There are two ways to make research available in open access: open access publishing (Gold OA) or self-archiving articles in open repositories (Green OA).

uOttawa supports both green and gold OA methods and strongly encourages authors to deposit their work in uO Research to ensure its permanent discoverability.

How open access works

GOLD OA is the practice of publishing directly in open access.

There are a myriad of options to publish in open access. As in regular publishing, some open access journals are affiliated with large commercial publishers such as BioMed Central or PLoS, some are affiliated with academic societies, while others are smaller or independent journals affiliated with academic institutions or departments.

There may be a cost associated with open access publishing, depending on the journal. You can include this amount in your request for funding, or take advantage of the membership discounts provided by the Library.

There are also new, experimental, open access publishing options whereby an author is a member of a publishing platform or provides a peer-review in return for no-fee open access publishing.

Consult the Directory of Open Access Journals (DOAJ or contact your liaison librarian in order to find OA journals in your discipline.


GREEN OA is the practice of putting a version of your published article online in an open repository.

Depending on the publishers’ policy you can deposit a specific version of the article in either an online repository such as uO Research or on a personal website.
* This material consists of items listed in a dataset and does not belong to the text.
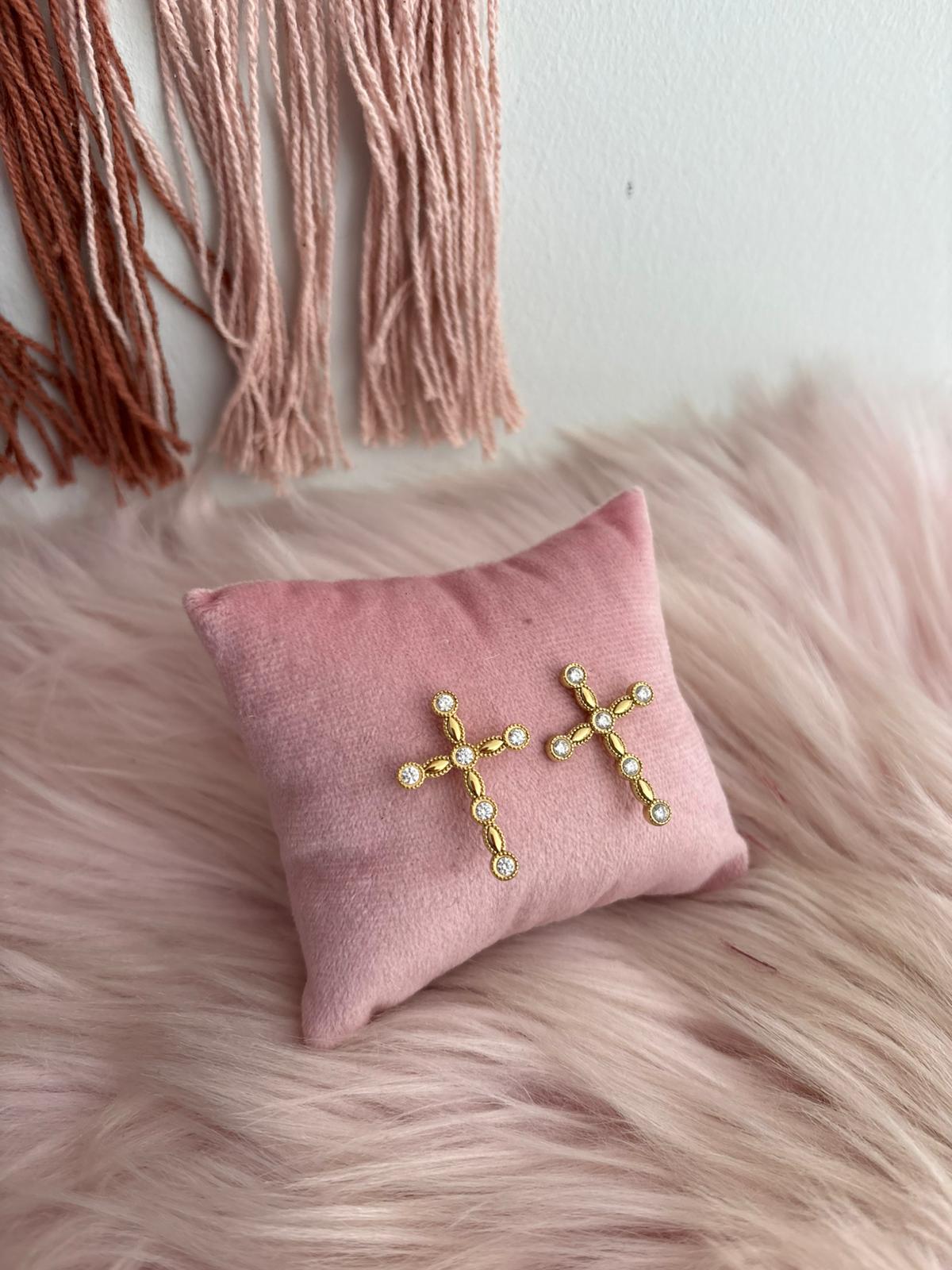 PENDIENTES CRUZ CIRCONITAS BRILLO
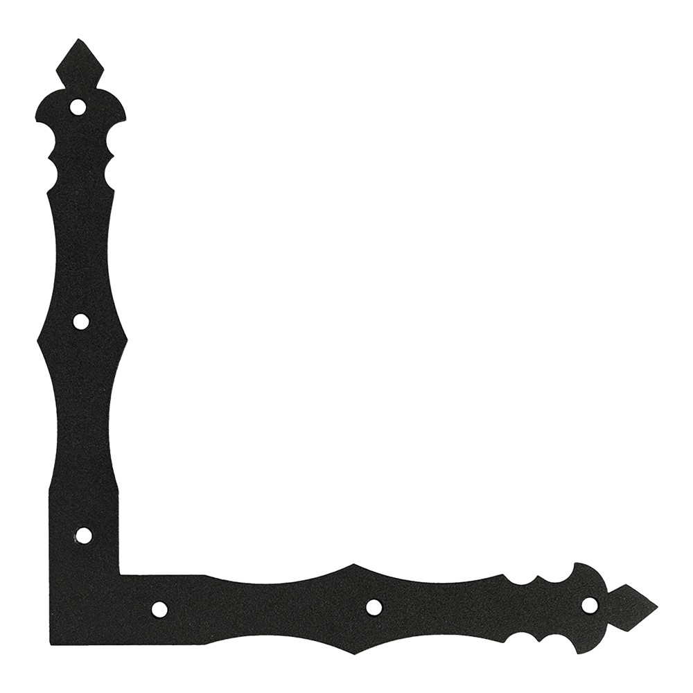 Lidhëz druri këndore, prej materiali zinku të galvanizuar, me përmasa 30x30x4x0.4 cm, në ngjyrë të zezë, e pajisur me veshje të jashtme Duplex, me pluhur zinku, e cila e mbron kundër korrozionit dhe ndryshkut. Përdoret për të mundësuar një lidhje sa më të mirë të elementëve të drurit me njëri-tjetrin, si edhe shërben si një element dekorativ për sëndukët, kutitë e drurit, kornizat e drurit, etj.
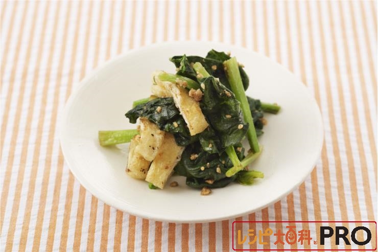 フライパンに油揚げを入れて炒め、ほうれん草、Aを加えてサッと炒める。

Putting your article in a repository has certain advantages over posting a version on your personal or departmental website.

The University of Ottawa’s institutional repository, uO Research, is indexed by Google Scholar, increasing the visibility and discoverability of your work. It also offers a permanent URL and download statistics so you can track your article over time. You can also put your article in a subject or disciplinary repository such as ArXivPubMed or Social Science Research Network.
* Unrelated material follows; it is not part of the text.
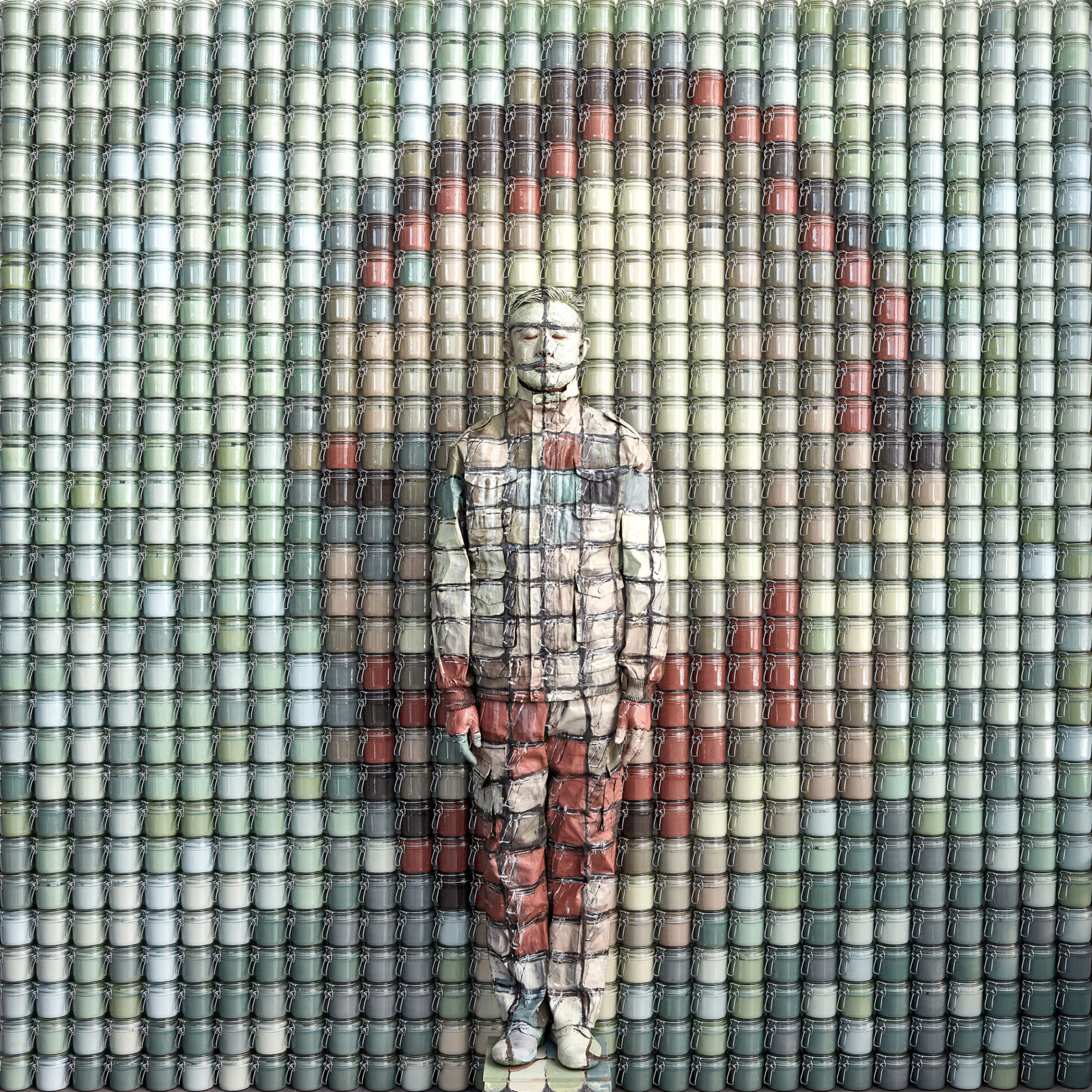 Collaboration de JG Causse avec le photographe Liu Bolin pour promouvoir les peintures Perrot & Cie. Installation de de 1000 verrines de peinture en 12 teintes. Couleurs exactes de l’autoportrait de Van Gogh.
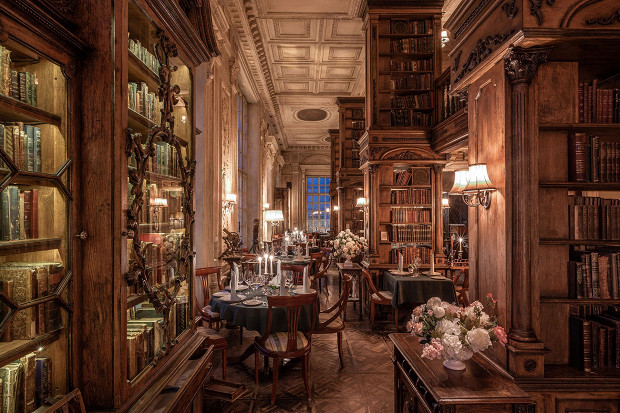 Самое, пожалуй, неожиданное место из списка. Зал «Библиотека» в «Пушкине» предназначен прежде всего для камерных банкетов, но Андрей Деллос не был бы самим собой, то есть дотошным реставратором исторических интерьеров, если бы вместо реальных книг поставил на полки муляжи. В результате в старинных резных шкафах уместилось более 300 томов изданий XVIII — начала XX века. Пожалуй, это единственная библиотека в Москве, когда столь дорогие книжные экземпляры в тесненных золотом обложках можно взять с полки просто так, не заполняя абонемента. Антураж соответствует: тут и старинный глобус, и часы с боем, и антикварная печатная машинка. Да и само меню со всеми его ятями, ростбифом «а-ля мод» и «оливье тре деликат» создает иллюзию абсолютного погружения в атмосферу русского романа.

Use Sherpa/Romeo to verify your journal’s policy on which version of the article you are permitted to deposit.

Generally speaking, in academic publishing, there are three “versions” of the article:

  1. Pre-Print: sometimes called the “author manuscript” “author’s original version”, “original manuscript” or “Author’s Original Manuscript”. This is the draft version of the paper that is submitted to the journal, or the version of the article before peer-review.

  2. Post-Print: sometimes called the “accepted manuscript”, “Accepted author manuscripts (AAMs)”, “final, peer-reviewed manuscript”, “final draft post-refereeing”, “author’s version of the accepted article”. This version is the final draft as accepted for publication by a journal. It includes modifications based on referees’ suggestions but does not contain final formatting.

  3. Published version: “Publisher’s PDF”, “Publisher’s version”, “version of record”, or “final PDF”. This is the final published version of the article that includes final formatting, page numbers, DOI assignment, typesetting, etc.

Pre-prints are often uploaded to pre-print servers for commentary by colleagues before submission.

The post print version of the article has undergone peer-review. Some publishers may put an embargo on this version. These embargoes generally run 6-12 months, but can be upward of 36 months. Publishers will generally request that a link to the published version of the article be included with the post-print when depositing.

Publishers rarely allow the published version of the article to be posted online. Therefore, in general, it is not permitted to post the version downloaded from a library database. Some journals may have a “rolling wall” where the article is freely available online after 2 to 5 years.

Note that many publishers will not allow a version of the article to be posted on commercial servers, or in a location that makes money from advertising. As such, posting your article on sites like and ResearchGate may not be permitted by your publisher.